Мать моя была очень рада, что я поступил в юридический институт. Ее мечта сбылась. А вот моя мечта погибла. Я жил словно в капсуле. Чувства мои притупились, и порою мне казалось, что я словно зомби имею тело, а вот души у меня нет. Хотя нет, душа все же была, потому что если бы души не было у меня, то я не испытывал бы это серое ПЛОХО. Вокруг меня будто сгустилось серое пространство, и мне было постоянно без проблеска ПЛОХО. Но я учился, сдавал сессии, писал курсовые, и мать моя была довольна. Она гладила мне рубашки, старалась кормить меня повкусней, и считала меня центром своей жизни. Мое мрачное настроение ей не нравилось, она воспринимала его на свой счет и считала, что я с ней груб, холоден и безразличен. Несколько раз по этому поводу она устраивала истерики, и мне приходилось скрывать от нее свой мрак и словно артисту играть роль благодушного, ласкового и любящего сына. Мать успокаивалась, осыпала меня ласками, которые мне сто лет были не нужны, но которые я вынужден был терпеть, чтобы избежать ее недовольства. Она часто обнимала меня, целовала, причем целовать пыталась в губы, а не в щеку, и мне это было неприятно. Так и хотелось сказать: «Да отстань ты от меня!» Я был уже взрослый парень, и все эти обнимания и целования коробили меня. Это маленькому мне все нипочем было от ее ласк, а как только я стал подрастать, то всяческие обнимашки с матерью стали мне казаться просто невозможными. Но мать, видимо, не понимала, что я вырос, что теперь ее ласки мне не то что не нужны, а вообще кажутся противоестественными, особенно эти поцелуи в губы. Ни об Инне, ни о моем тяжелом душевном состоянии она не знала. Я давно перестал делиться с ней своими проблемами. Ей было только известно, что я не хочу быть юристом, но она считала это моей блажью и была уверенна, что правильно сделала, что настояла на моем поступлении в юридический.

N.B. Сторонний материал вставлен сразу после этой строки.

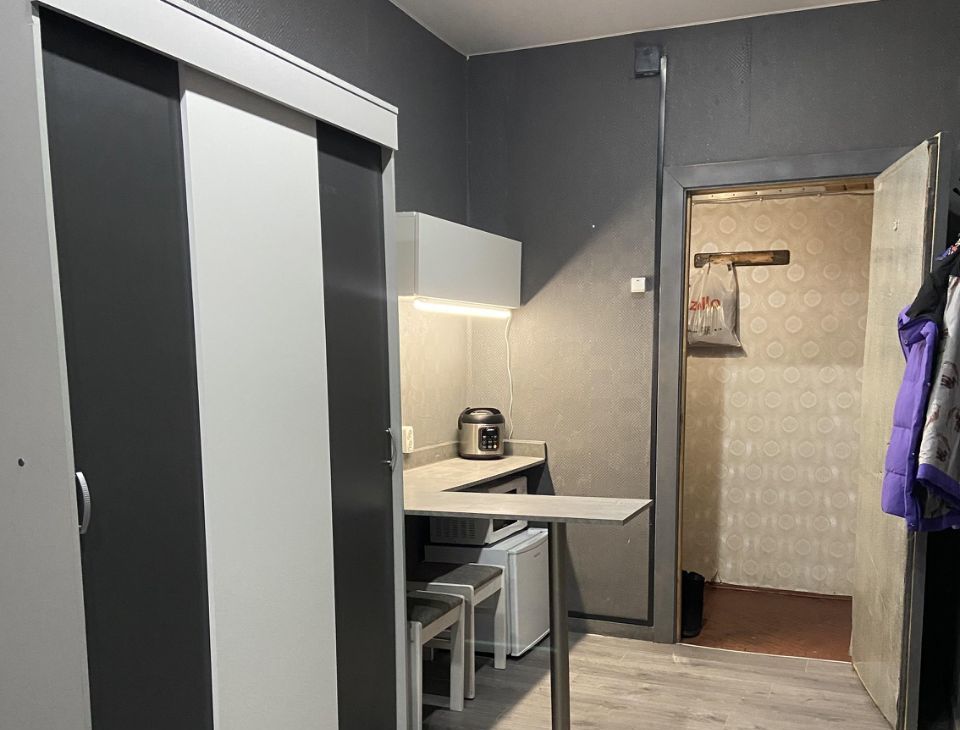 В комнате в идеальном состоянии есть : чайник электрический(новый), мультиварка, холодильник маленький, микроволновка.

С Инной я совсем не виделся, и, только встречаясь на улице с ее родителями, узнавал от них, что она учится в цирковом училище и уже иногда участвует в представлениях. В общем, ее мечта сбылась. Мать же ее при встрече со мной всегда с такой жалостью смотрела на меня, что мне становилось противно. В ее глазах так и читалось: бедный мальчик! Такой хороший мальчик! Так любил нашу девочку, а она бросила его!

Эта жалость уязвляла мою гордость. Разве я жалкое создание? Ведь не умер же я! Подумаешь, горе какое! Не получилось с вашей Инной, так с другой девушкой получится. Свет клином, что ли сошелся на вашей дочке? Но поначалу я и вправду был очень зациклен на Инне, и никак не мог успокоиться. Физически отпустил ее от себя, а душевно не отпускал. Только к третьему курсу института я почувствовал свободу от нее.

При институте я стал с самого первого курса заниматься карате, там у меня и друзья появились. А со второго курса стал посещать еще и собрания Союза писателей. Все эти внеурочные увлечения держали меня на плаву, помогали не раскиснуть совсем. Но все равно мне казалось, что жизнь моя течет бесцельно, скучно. Юридические науки совсем меня не интересовали, казались мертвыми, хотя в силу своего ума я с легкостью осваивал их и получал только хорошие отметки.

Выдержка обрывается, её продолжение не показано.